What is needed >>
Whenever a picture appears in the listing below, leave it out, and copy exactly the lines from the one containing "Iza Dantas usa" through the end.
┌─ Material for the task
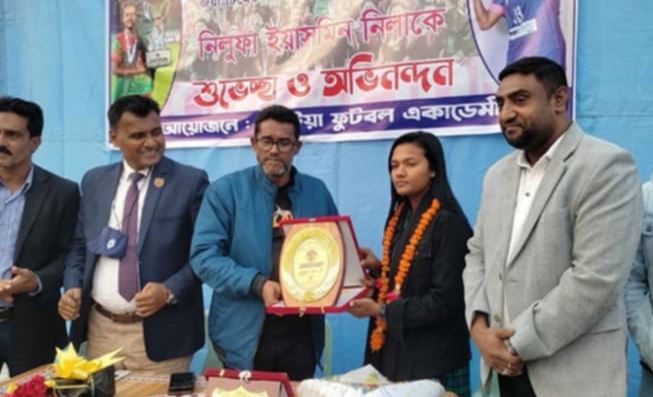 নেপালকে হারিয়ে টানা দ্বিতীয়বারের মতো সাফ নারী চ্যাম্পিয়ন হয়েছে বাংলাদেশ। চ্যাম্পিয়ন দলের অন্যতম সদস্য নিলুফা ইয়াসমিন নীলা। এবার তার নিজ জেলা কুষ্টিয়া ফুটবল একাডেমির পক্ষ থেকে তাকে সংবর্ধনা দেওয়া হয়েছে।
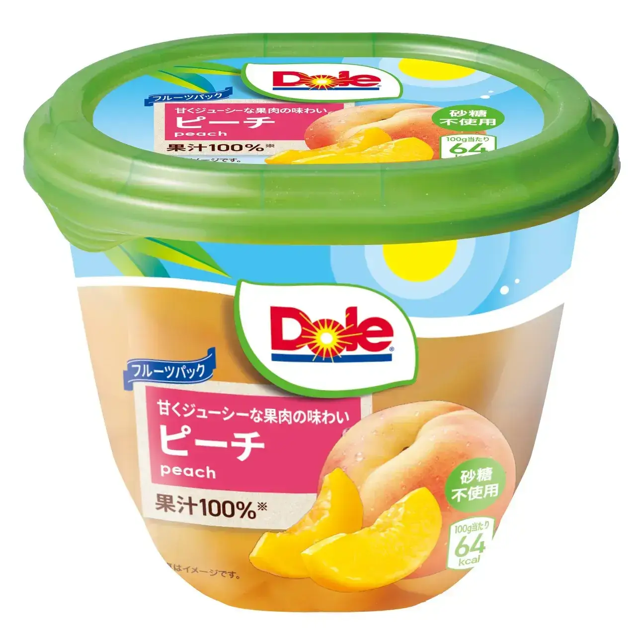 フルーツパック ピーチ 人気のピーチをご家庭向けにたっぷりサイズ、425gでパックしました。 ドールこだわりの黄桃で、ジューシーな食感とつややかな橙色の果肉をお楽しみいただけます。 シロップを使わず、液部に果汁100%を使用。 砂糖不使用で、果物だけのおいしさ。 ※在庫状況によっては旧パッケージでのご案内になる場合がございます。 ご購入の際は、サイトの内容をよくご確認ください。 商品情報 栄養成分表示(100gあたり) 熱量 64kcal たんぱく質 0.4g 脂質 0g 炭水化物 15.3g -糖類 13.3g 食塩相当量 0.03g 保存方法 高温、直射日光を避けて保存して下さい。 詳細情報 内容量 425g 原材料 もも、濃縮果汁(ぶどう、レモン)/酸化防止剤(ビタミンC) 含有アレルギー物質(28品目中) もも
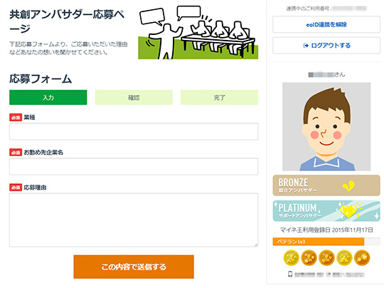マイページのメニュー、または各種リンクから「共創アンバサダー」ページへとお進みください。
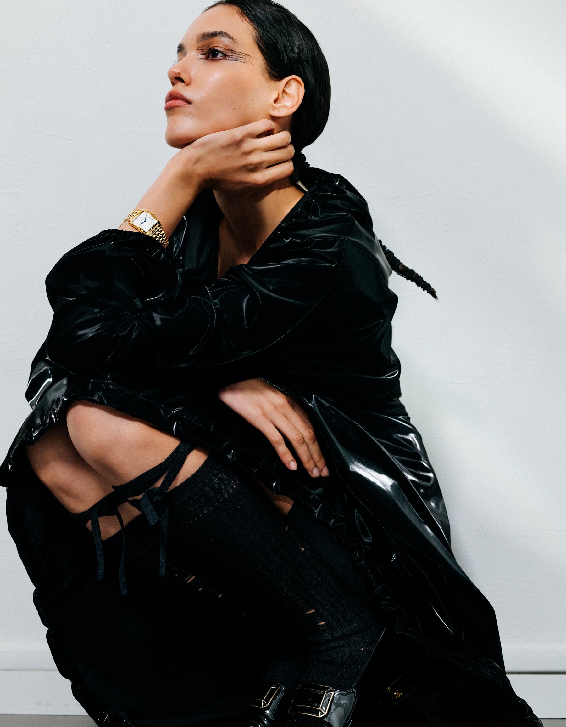 Iza Dantas usa casaco Alexandre Vauthier, relógio Sain Honoré Paris, meias Dior e sapatos Chanel – Foto: Stéphanie Volpato, com styling de Sarah Cazeneuve e edição de moda at large de Filipa Bleck
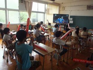 どんどんリードを広げ、見事ブラジルに勝利しました。南関三小の大先輩が、銅メダルを手にしました。子どもたちは、みんな自分のことのように大喜びでした。
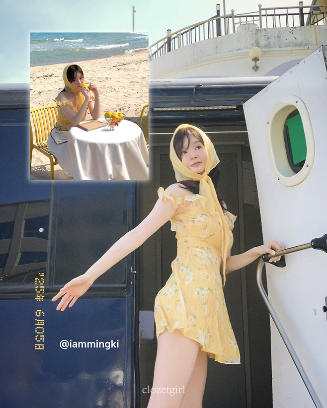 노란색 원피스로 상큼하면서 쨍한
└─
Task answer >>
 Iza Dantas usa casaco Alexandre Vauthier, relógio Sain Honoré Paris, meias Dior e sapatos Chanel – Foto: Stéphanie Volpato, com styling de Sarah Cazeneuve e edição de moda at large de Filipa Bleck
 どんどんリードを広げ、見事ブラジルに勝利しました。南関三小の大先輩が、銅メダルを手にしました。子どもたちは、みんな自分のことのように大喜びでした。
 노란색 원피스로 상큼하면서 쨍한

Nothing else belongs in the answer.